As far as red swamp crayfish population and distribution in the state, little is known beyond the documented reports of residents.

“Most of what we know about their distribution is from public sightings and incidental encounters with red swamp crayfish by Division of Fish & Wildlife staff while conducting fieldwork (targeting other species),” said Ms. Stetzar. “We can’t really confirm based on that information that they are spreading. Public sightings are valuable but they are biased because not everyone who encounters a crayfish will report it, and red swamp crayfish could occur in remote areas not frequented by people. It is also possible that people are just more aware of this species now than they were eight years ago. However, based on their ability to disperse, it is likely that they have spread — especially during wet periods with flooding.”

DNREC reports that there have been sightings in all three counties in the state, but they seem to cluster toward the bay.
“We have not received reports of red swamp crayfish in water bodies or tributaries that are part of the Chesapeake Bay watershed, so all of the confirmed occurrences as of now are in the eastern half of the state,” said Ms. Stetzar.

What to do?
At present, DNREC is only able to monitor the situation, Ms. Stetzar explained.
“Controlling the invasion in the first place (and then the spread) is the ultimate goal,” she said. “Prevention is really the best defense with any of these species, and that is why educating the public is so important. Once red swamp crayfish invade an area, it is extremely difficult and costly to eradicate them, especially an aquatic species. It is also near impossible to conduct a controlled eradication effort that would only kill red swamp crayfish.”

To some degree, this deputizes residents to both report sightings and even dispatch the invaders if possible.
“Killing them is one way of removing them, and a person can consult a veterinarian for advice on humane disposal,” said Ms. Stetzar. “If a person is not comfortable with that scenario they can leave them where they found them. The main issue is that people do not move them around from water body to water body. The Division of Fish & Wildlife appreciates the reports that we receive from the public, and the information is added to our statewide database designed to track the occurrence and spread. This information is shared among jurisdictions in the Mid-Atlantic region via the Mid-Atlantic Panel on Aquatic Invasive Species. It’s important to share data and research any emerging threats with surrounding states.”

One rather creative response would be to eat them. But, Ms. Stetzar said some forethought would be required in this instance.
“They are commercially cultured in the southern U.S. as food and there are no laws in Delaware that I am aware of that makes it illegal to possess them or keep them to eat,” she said. “However, if a person wants to trap them, they would have to follow the regulations that pertain to baited traps. In some cases they can easily be picked up (carefully, of course) off the ground or netted. There is no official recommendations about whether or not to eat ‘wild’ caught red swamp crayfish, but common sense should prevail. If they come out of a water body that has a fish consumption advisory or that has a potential to be contaminated, then I personally wouldn’t eat them.”

Mr.
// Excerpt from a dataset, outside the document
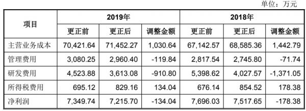 事实上,从科创板转战上交所主板,天和磁材变更的可不止募投项目和金额。在审计机构未变的情况下,公司调减了2018年和2019年的研发费用中的材料费和薪酬,因此造成公司该2年财务数据出现变化,净利润均减少了100多万。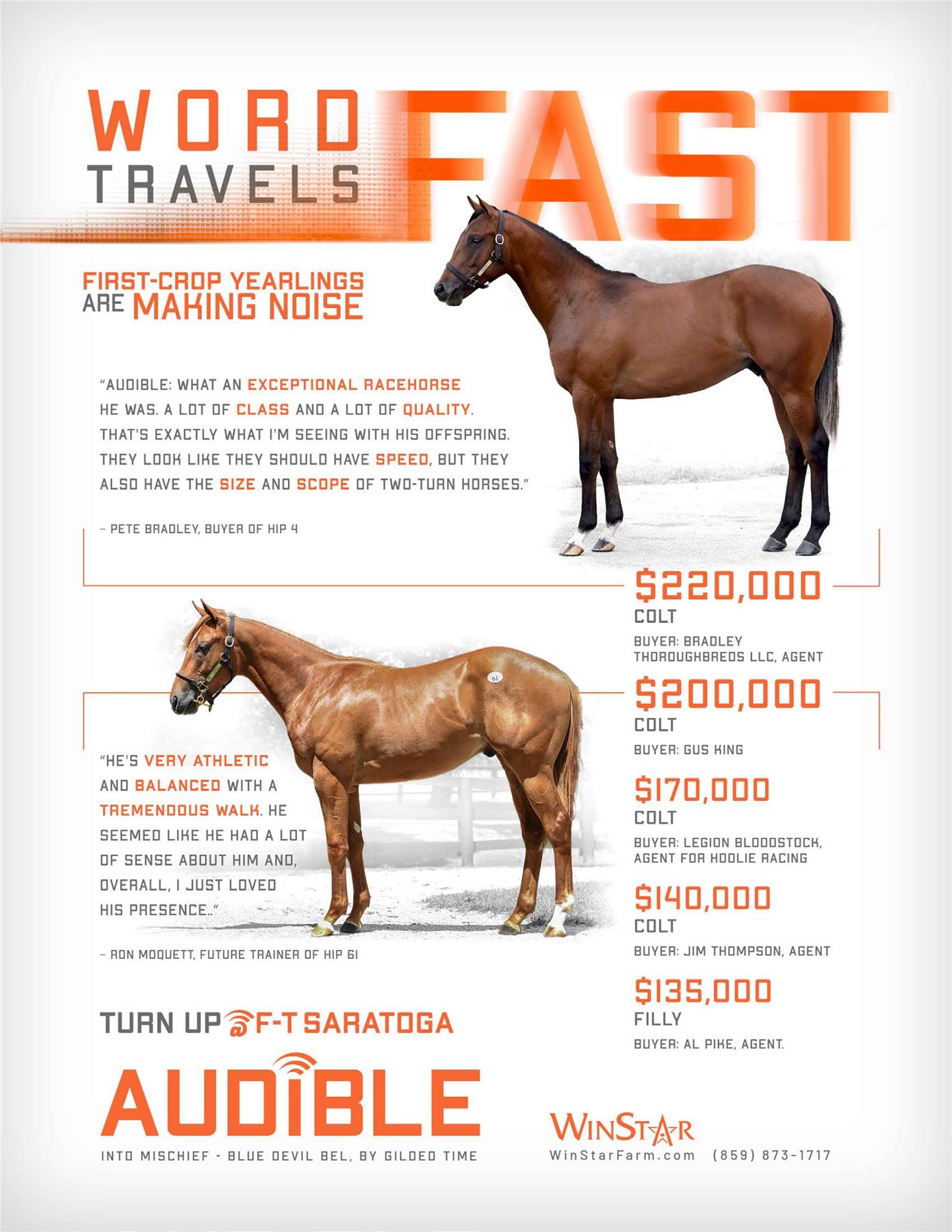 - First yearlings in 2022 sold for: $725,000, $675,000, $575,000, $390,000, $375,000, $350,000, etc.

Kelsch, for one, won’t be eating any crawdaddy jambalaya anytime soon.
“You couldn’t pay me to eat one,” he said. “When I posted a picture on Facebook, all my friends said ‘Let’s have a party and eat them.’ — No, not me. These things are living in the gross water in the retention ponds with runoff from the parking lot and all kinds of lawn chemicals and probably sewage. No, thanks. I’ll pass.”

He will be keeping his eyes open for the critters though, lest they sneak up on him.
“If you’re an elderly person just walking your dog and you come across one of these guys, they’re not walking away from you — they’re coming at you,” he said. “It’s no joke, because they might be small, but they’re lightning fast and they mean business. If you get within a few feet of them, they’ll put up their claws and they’re ready to rumble. They charge.”